*** Extracted entries ***
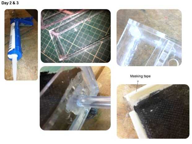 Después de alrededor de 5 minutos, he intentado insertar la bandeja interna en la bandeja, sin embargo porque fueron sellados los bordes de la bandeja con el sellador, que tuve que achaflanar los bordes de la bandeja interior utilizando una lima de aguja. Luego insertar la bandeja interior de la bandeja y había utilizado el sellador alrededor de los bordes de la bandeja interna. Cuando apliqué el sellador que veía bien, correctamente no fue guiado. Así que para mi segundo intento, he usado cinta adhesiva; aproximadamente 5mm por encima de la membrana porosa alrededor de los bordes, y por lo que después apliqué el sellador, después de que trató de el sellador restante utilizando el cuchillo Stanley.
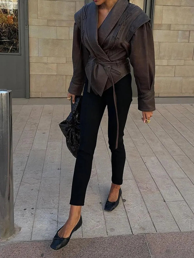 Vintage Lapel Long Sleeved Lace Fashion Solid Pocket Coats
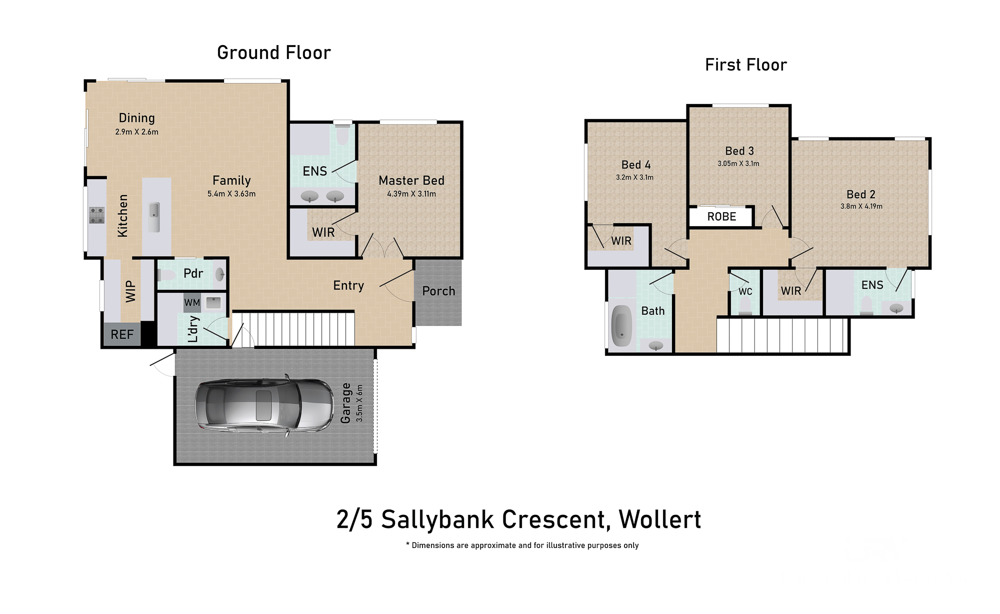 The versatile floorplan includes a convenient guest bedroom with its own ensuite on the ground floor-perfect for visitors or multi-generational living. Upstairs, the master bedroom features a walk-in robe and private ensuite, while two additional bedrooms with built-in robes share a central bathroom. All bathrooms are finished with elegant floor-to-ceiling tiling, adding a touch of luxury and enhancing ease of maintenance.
*** End of Extracted entries ***
*** Extracted entries ***
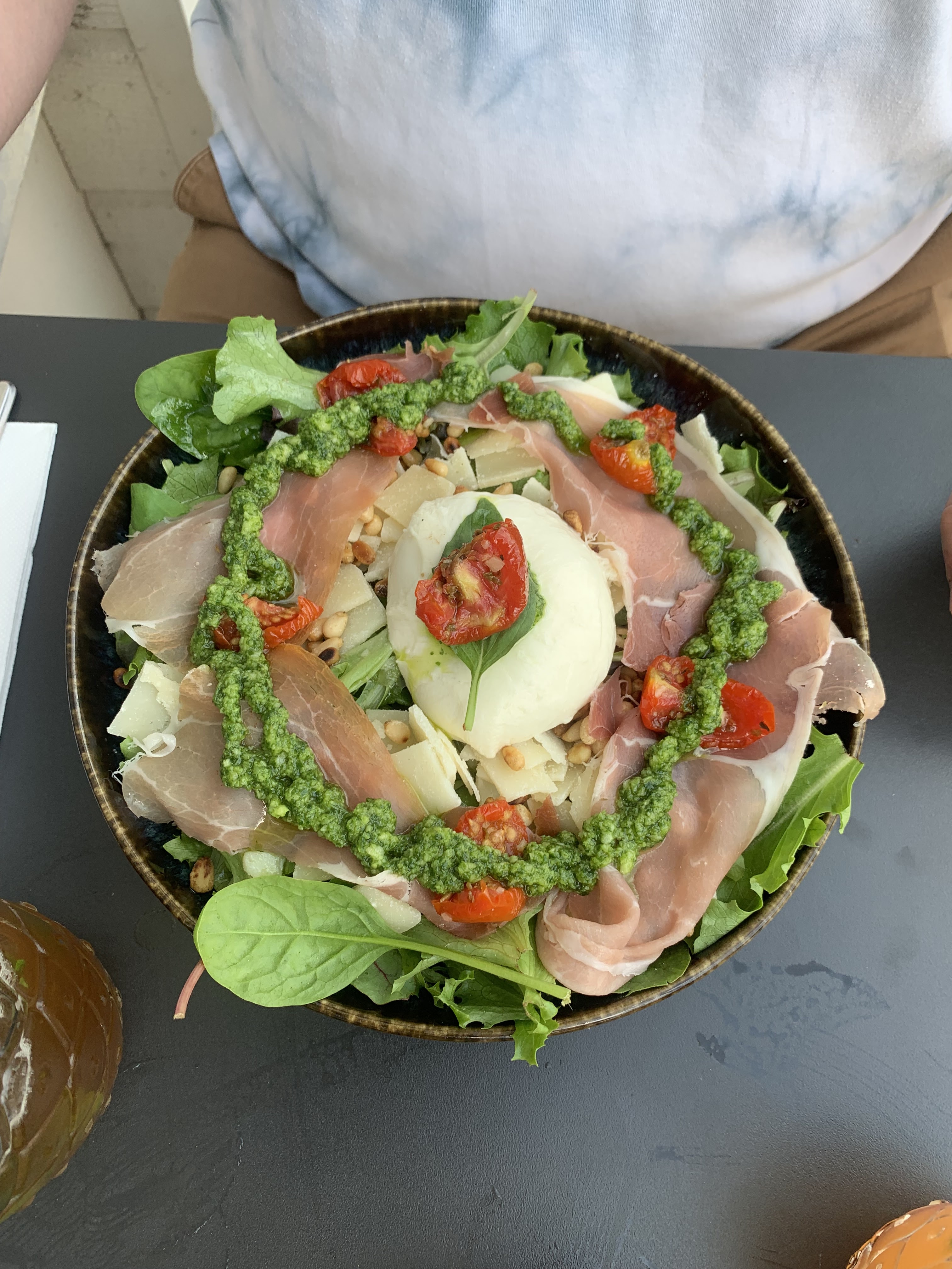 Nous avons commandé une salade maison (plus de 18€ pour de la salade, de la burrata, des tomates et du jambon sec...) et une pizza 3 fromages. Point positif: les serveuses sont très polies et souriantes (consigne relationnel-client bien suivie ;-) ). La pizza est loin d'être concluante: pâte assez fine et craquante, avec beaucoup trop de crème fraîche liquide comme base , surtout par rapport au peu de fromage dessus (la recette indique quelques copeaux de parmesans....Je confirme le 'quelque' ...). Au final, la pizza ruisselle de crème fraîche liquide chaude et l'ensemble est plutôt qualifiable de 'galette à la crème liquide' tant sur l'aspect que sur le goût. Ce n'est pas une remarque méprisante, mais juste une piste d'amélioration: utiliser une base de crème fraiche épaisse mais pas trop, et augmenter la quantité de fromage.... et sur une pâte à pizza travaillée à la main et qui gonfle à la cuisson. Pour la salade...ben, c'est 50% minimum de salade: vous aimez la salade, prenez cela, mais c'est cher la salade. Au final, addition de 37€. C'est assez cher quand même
*** End of Extracted entries ***
Task goal -> Excerpt from the records above: set down only the lines from the one that contains "Después de alrededor" through the one that contains "Vintage Lapel Long", inclusive, word for word. Pictures stay out.

Answer space ->
 Después de alrededor de 5 minutos, he intentado insertar la bandeja interna en la bandeja, sin embargo porque fueron sellados los bordes de la bandeja con el sellador, que tuve que achaflanar los bordes de la bandeja interior utilizando una lima de aguja. Luego insertar la bandeja interior de la bandeja y había utilizado el sellador alrededor de los bordes de la bandeja interna. Cuando apliqué el sellador que veía bien, correctamente no fue guiado. Así que para mi segundo intento, he usado cinta adhesiva; aproximadamente 5mm por encima de la membrana porosa alrededor de los bordes, y por lo que después apliqué el sellador, después de que trató de el sellador restante utilizando el cuchillo Stanley.
 Vintage Lapel Long Sleeved Lace Fashion Solid Pocket Coats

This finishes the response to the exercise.